Page 1 of 2  [1] 2  Next page →


#83783 — strtok() implementation

Fromboon <root@localhost>
Date2016-03-13 17:13 +0100
Subjectstrtok() implementation
Message-ID<56e59164$0$27830$426a74cc@news.free.fr>
Hello,

I am writing strtok() implementation, just for the fun and to improve my 
C coding style and skills.

Here is my solution.

char *my_strtok(char *str, const char *delim)
{
     char *ret, *s, *min_s;
     const char *p;
     static char *saveptr, *end;

     if (str) {
         end = str + strlen(str);
         saveptr = str;
     }

     if (*saveptr == '\0') {
         saveptr = end = NULL;
         return NULL;
     }

     ret = saveptr;
     min_s = end;

     for (p = delim; *p != '\0'; p++) {
         s = strchr(saveptr, *p);
         if (s && s < min_s)
             min_s = s;
     }

     if (min_s < end) {
         *min_s++ = '\0';
         saveptr = min_s;
     } else {
         saveptr = end;
     }

     return ret;
}

I have often difficulties in variable naming.
Please do not hesitate to criticize this implementation.

Regards.

[toc] | [next] | [standalone]


#83791

FromMalcolm McLean <malcolm.mclean5@btinternet.com>
Date2016-03-13 10:04 -0700
Message-ID<ddd9be59-bb17-48bd-8183-6aed8426a433@googlegroups.com>
In reply to#83783
On Sunday, March 13, 2016 at 4:12:33 PM UTC, boon wrote:
> Hello,
> 
> I am writing strtok() implementation, just for the fun and to improve my 
> C coding style and skills.
> 
> Here is my solution.
> 
> char *my_strtok(char *str, const char *delim)
> {
>      char *ret, *s, *min_s;
>      const char *p;
>      static char *saveptr, *end;
> 
>      if (str) {
>          end = str + strlen(str);
>          saveptr = str;
>      }
> 
I don't think we need "end". When the string you are parsing hits a NUL, 
that's the end.

>      if (*saveptr == '\0') {
>          saveptr = end = NULL;
>          return NULL;
>      }
>
Now if strtok is called with NULL before it is called with a parse string.
I think technically the behaviour is undefined, so you can do anything,
including a null pointer dereference.

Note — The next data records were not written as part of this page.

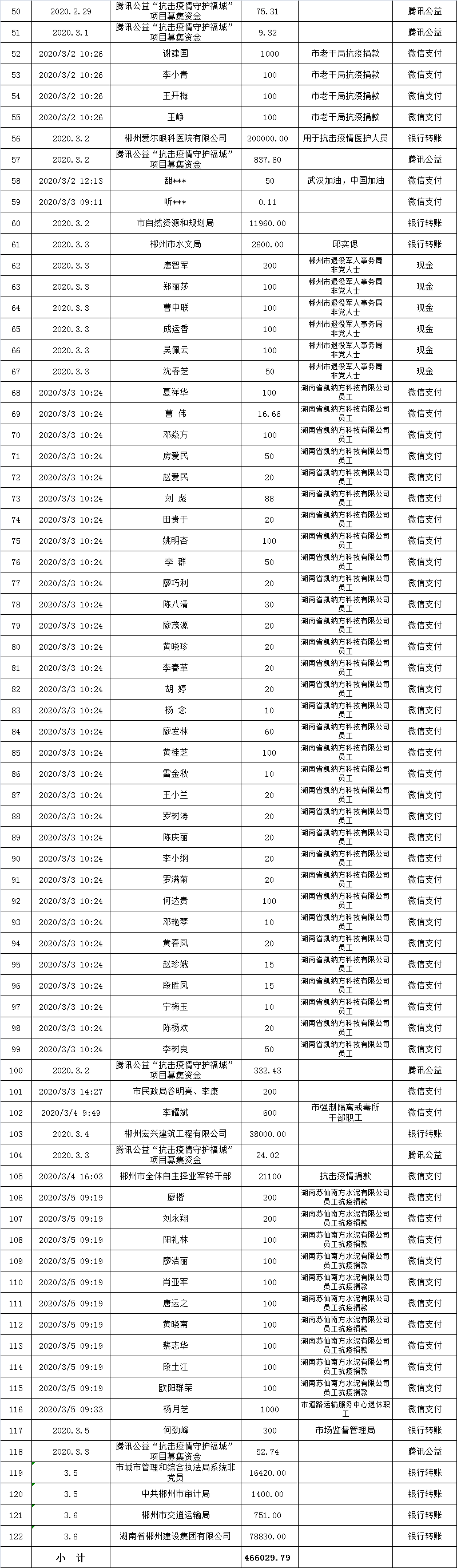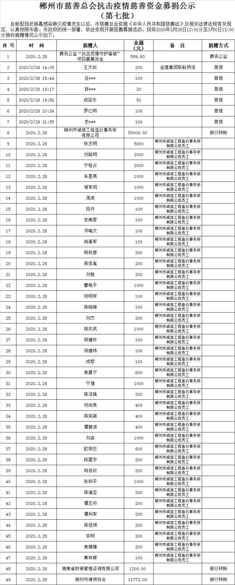 郴州市慈善总会抗击疫情慈善资金募捐公示(第七批)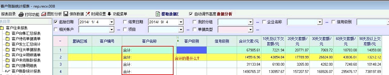请问客户账龄统计报表中的几个合计项合计的是什么内容?有什么意义?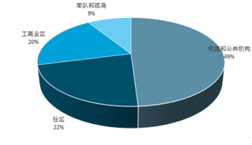 就工程分布來(lái)看,全球微電網(wǎng)以校園和公共機(jī)構(gòu)為主,占比49%;其次是社區(qū)和工商業(yè)區(qū),占比分別為22%和20%;軍隊(duì)和孤島占比總計(jì)9%。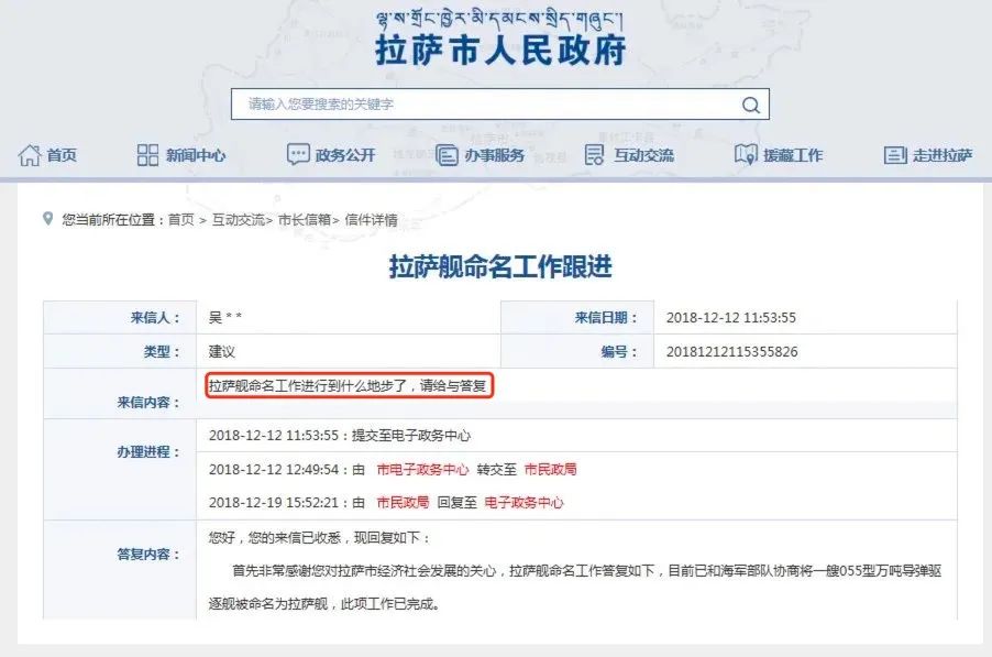2018年12月,拉萨市民政局再次对另一名来信者的咨询作出答复,“目前已和海军部队协商将一艘055型万吨导弹驱逐舰命名为拉萨舰,此项工作已完成。”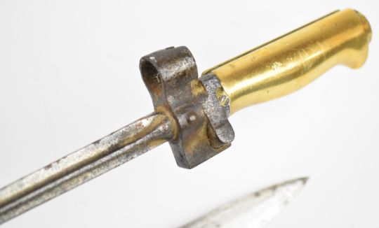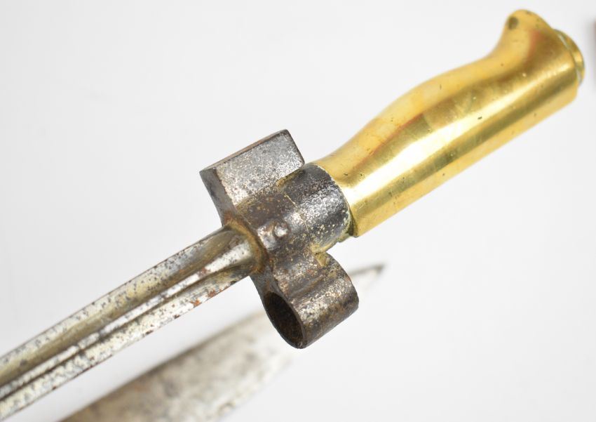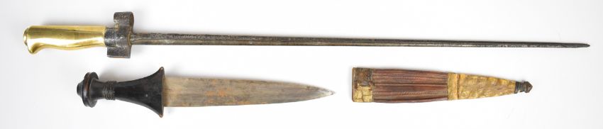 French 1886 pattern Lebel bayonet without quillon, with brass grip and 51cm cruciform blade, together with a tribal knife with sheath. PLEASE NOTE: WE ARE NOT ABLE TO OFFER OUR USUAL POSTAGE SERVICE FOR THIS LOT

But it's far better to check for NULL
and handle it gracefully. 

> 
>      ret = saveptr;
>      min_s = end;
> 
>      for (p = delim; *p != '\0'; p++) {
>          s = strchr(saveptr, *p);
>          if (s && s < min_s)
>              min_s = s;
>      }
>
This looks OK to me, I would think of it as stepping through the
string and checking each character for delimit rather than
stepping through the delimiters and checking if the string contains
them, but the logic is correct.
(However your way will be a bit slower for most real-life inputs,
where delim is small and the search string is long) 
> 
>      if (min_s < end) {
>          *min_s++ = '\0';
>          saveptr = min_s;
>      } else {
>          saveptr = end;
>      }
>
Looks OK, but as I said, you can rewrite it totally to get rid of
end, I believe.
 
>      return ret;
> }
> 

[toc] | [prev] | [next] | [standalone]


#83797

Fromboon <root@localhost>
Date2016-03-13 18:51 +0100
Message-ID<56e5a84c$0$22771$426a74cc@news.free.fr>
In reply to#83791
On 03/13/2016 06:04 PM, Malcolm McLean wrote:
> On Sunday, March 13, 2016 at 4:12:33 PM UTC, boon wrote:
>> Hello,
>>
>> I am writing strtok() implementation, just for the fun and to improve my
>> C coding style and skills.
>>
>> Here is my solution.
>>
>> char *my_strtok(char *str, const char *delim)
>> {
>>       char *ret, *s, *min_s;
>>       const char *p;
>>       static char *saveptr, *end;
>>
>>       if (str) {
>>           end = str + strlen(str);
>>           saveptr = str;
>>       }
>>
> I don't think we need "end". When the string you are parsing hits a NUL,
> that's the end.


'end' was there because of the wrong logic I have used to step through 
the string to be parsed, as you noticed it below.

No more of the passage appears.